* [Extracted entries]
==============================
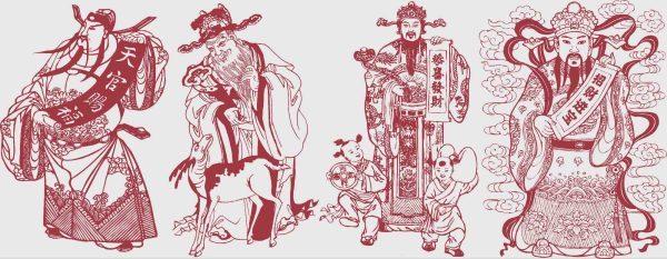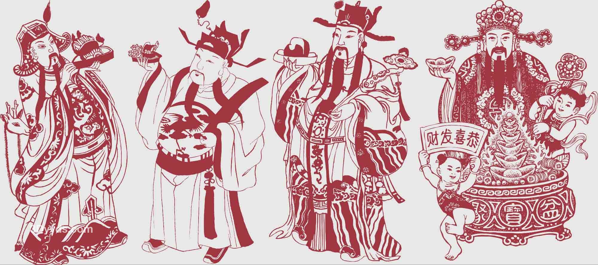 中国传统民间神仙手绘财神剪纸年画线稿图案矢量PNG素材
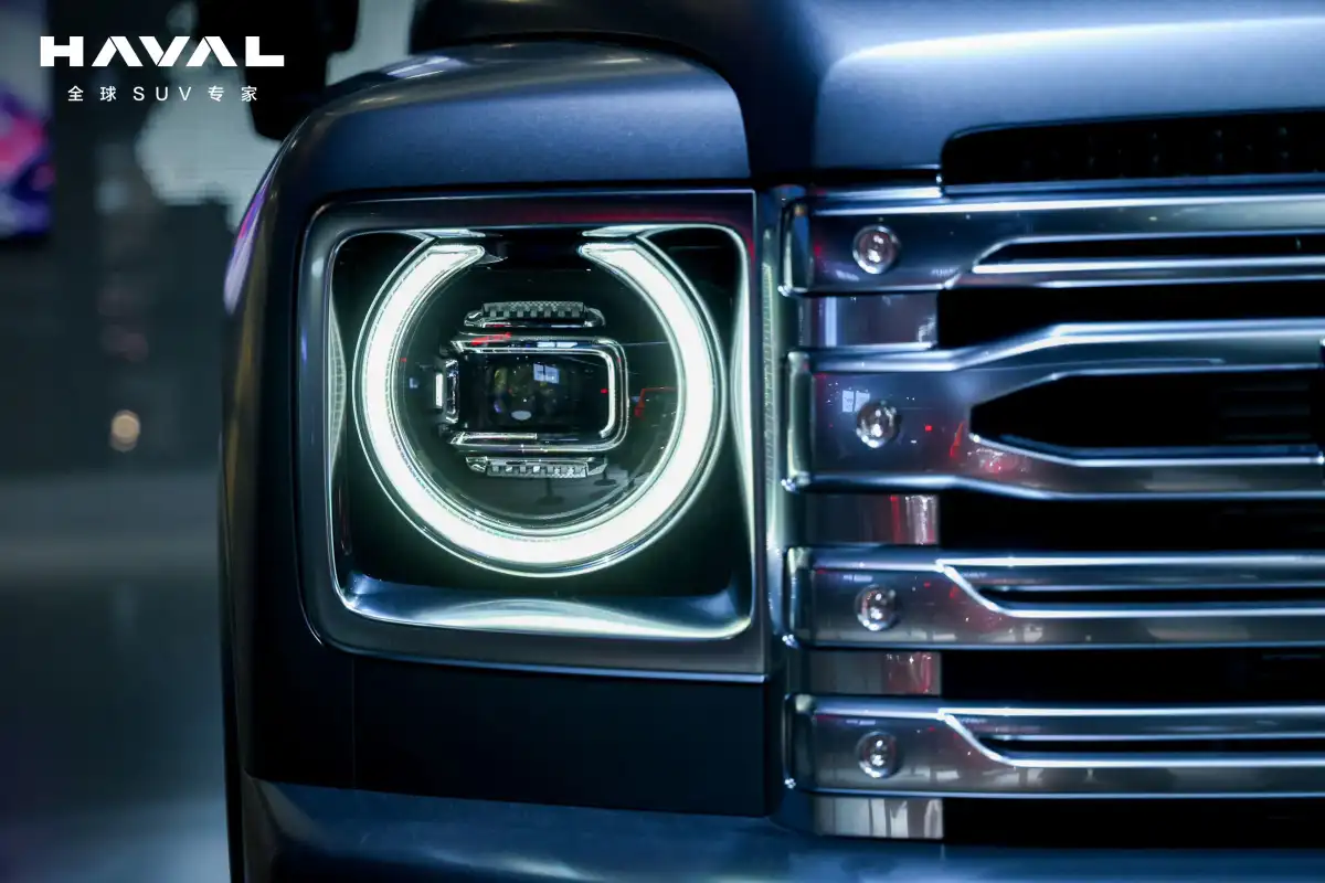 تستخدم السيارة الجديدة أسلوب تصميم “مربعي” عصري، مما يظهر تأثيرًا بصريًا قويًا وقديم. يتكون الشبك الأمامي من أربعة شرائط كروم قوية في المنتصف، مزينة بمسامير في النهايات، مع الشعار "HAVAL" مدرج في المنتصف. تم تصميم الأضواء الجانبية على شكل مربع عتيق، مع وجود مصابيح LED دائرية للنهار والتي تكون واضحة جدًا عند التشغيل. تؤكد المصدات السميكة وغطاء المحرك البارز خصائص السيارة القوية في الطرق الوعرة.
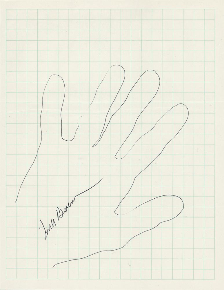 Original traced outline of Frank Borman's hand, accomplished by him in black ballpoint on an 8.5 x 11 sheet of graph paper, signed in the center, "Frank Borman." In fine condition, with mailing folds and a light horizontal crease.
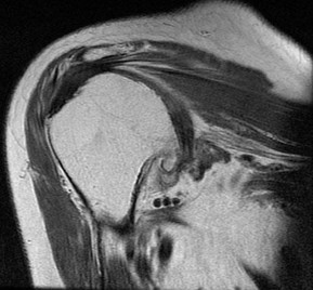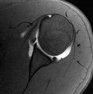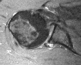 DISCUSSION…The radiographs show a calcium deposit in the supraspinatus tendon. The MRI scan shows a small black signal in the supraspinatus tendon without a tear of the tendon. These findings are consistent with calcific tendonitis. A subacromial injection will help distinguish between the pain from the calcific tendonitis and the chronic fibromyalgia. Pain management is an option after an injection is done for diagnostic purposes. Surgery should not be considered until the diagnosis is confirmed because it will not be successful if the shoulder pain is attributable to the patient’s fibromyalgia.
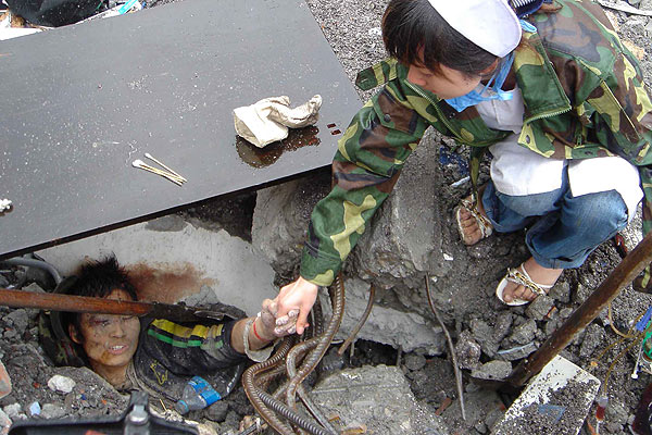 5月13日,一位护士不停地与一位被困孩子说话,鼓励他等待救援。
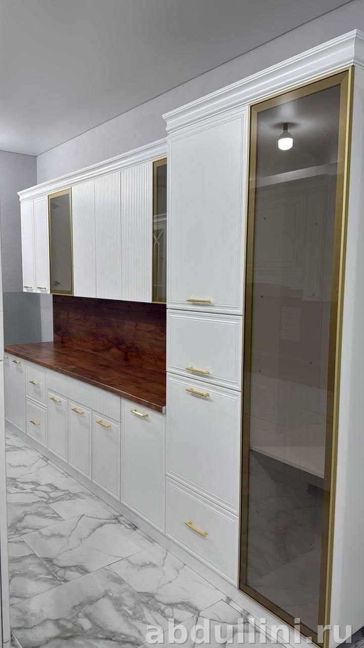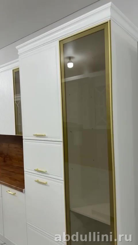 - Белые фасады с золотистой окантовкой на стеклянных дверцах.
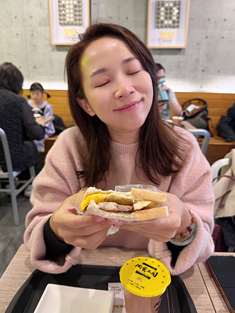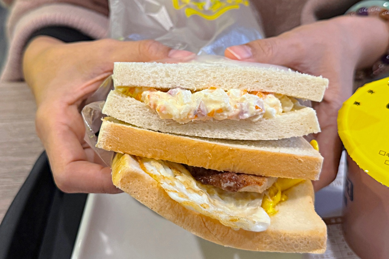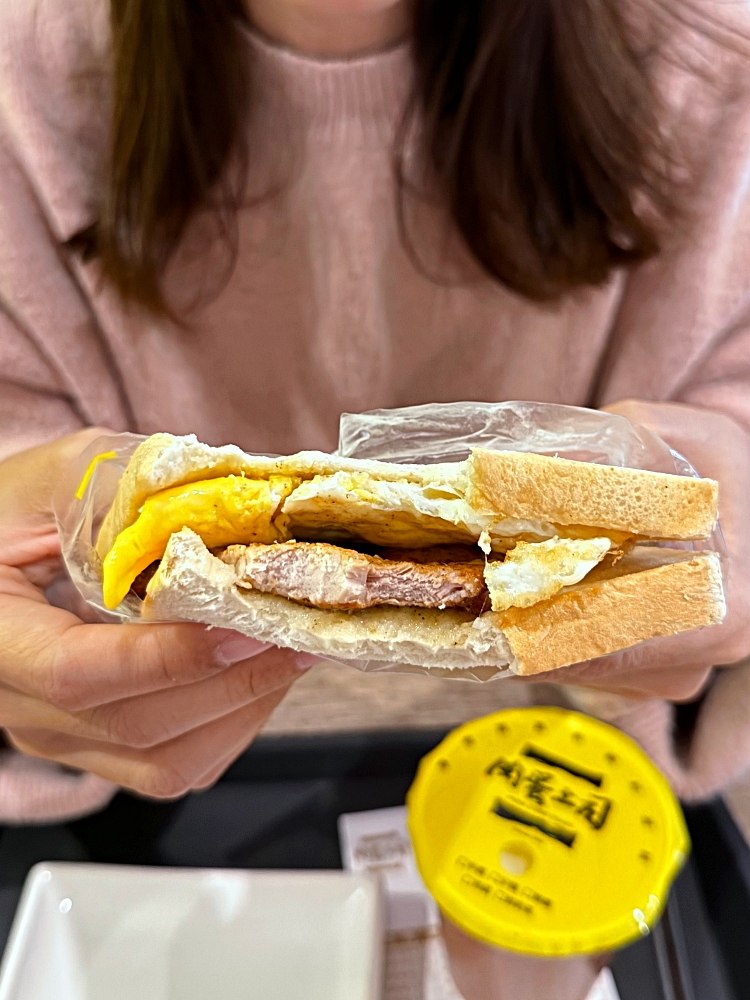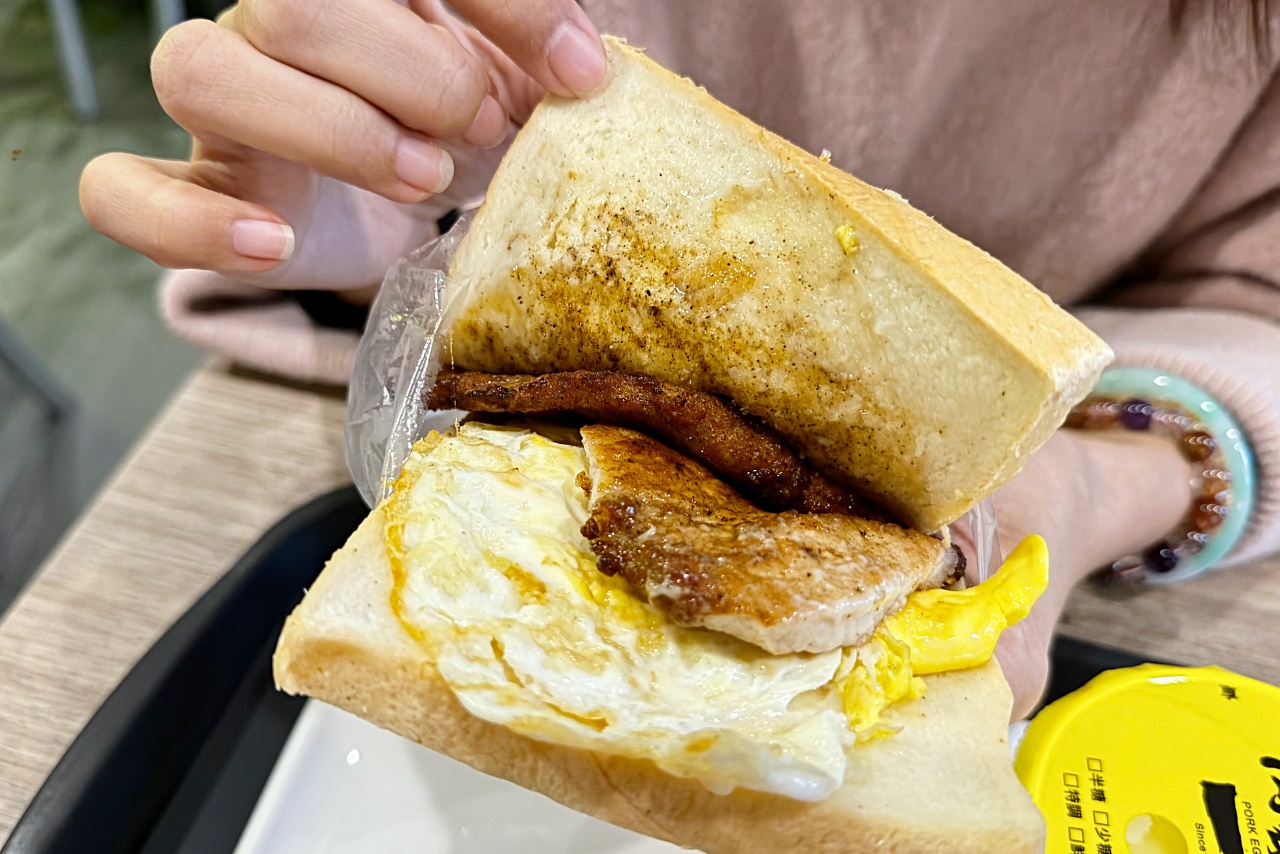 一打開包裝,奶香直接撲鼻而來,白吐司鬆軟是最大特色。裡頭夾著厚實醃過的豬排和煎蛋,再抹上店家自製美乃滋,看似簡單平凡的組合,吃過就難忘。咬下去甜鹹交錯、肉排扎實,每一口都讓人心情很好,這就是傳說中的招牌肉蛋吐司,吃一次就會懂為什麼大家都甘願早起排隊啊!
==============================
* [What is expected]
Since the pictures are not wanted, copy only the text of the records above, exactly.

* [Answer to this exercise]
 中国传统民间神仙手绘财神剪纸年画线稿图案矢量PNG素材
 تستخدم السيارة الجديدة أسلوب تصميم “مربعي” عصري، مما يظهر تأثيرًا بصريًا قويًا وقديم. يتكون الشبك الأمامي من أربعة شرائط كروم قوية في المنتصف، مزينة بمسامير في النهايات، مع الشعار "HAVAL" مدرج في المنتصف. تم تصميم الأضواء الجانبية على شكل مربع عتيق، مع وجود مصابيح LED دائرية للنهار والتي تكون واضحة جدًا عند التشغيل. تؤكد المصدات السميكة وغطاء المحرك البارز خصائص السيارة القوية في الطرق الوعرة.
 Original traced outline of Frank Borman's hand, accomplished by him in black ballpoint on an 8.5 x 11 sheet of graph paper, signed in the center, "Frank Borman." In fine condition, with mailing folds and a light horizontal crease.
 DISCUSSION…The radiographs show a calcium deposit in the supraspinatus tendon. The MRI scan shows a small black signal in the supraspinatus tendon without a tear of the tendon. These findings are consistent with calcific tendonitis. A subacromial injection will help distinguish between the pain from the calcific tendonitis and the chronic fibromyalgia. Pain management is an option after an injection is done for diagnostic purposes. Surgery should not be considered until the diagnosis is confirmed because it will not be successful if the shoulder pain is attributable to the patient’s fibromyalgia.
 5月13日,一位护士不停地与一位被困孩子说话,鼓励他等待救援。
 - Белые фасады с золотистой окантовкой на стеклянных дверцах.
 一打開包裝,奶香直接撲鼻而來,白吐司鬆軟是最大特色。裡頭夾著厚實醃過的豬排和煎蛋,再抹上店家自製美乃滋,看似簡單平凡的組合,吃過就難忘。咬下去甜鹹交錯、肉排扎實,每一口都讓人心情很好,這就是傳說中的招牌肉蛋吐司,吃一次就會懂為什麼大家都甘願早起排隊啊!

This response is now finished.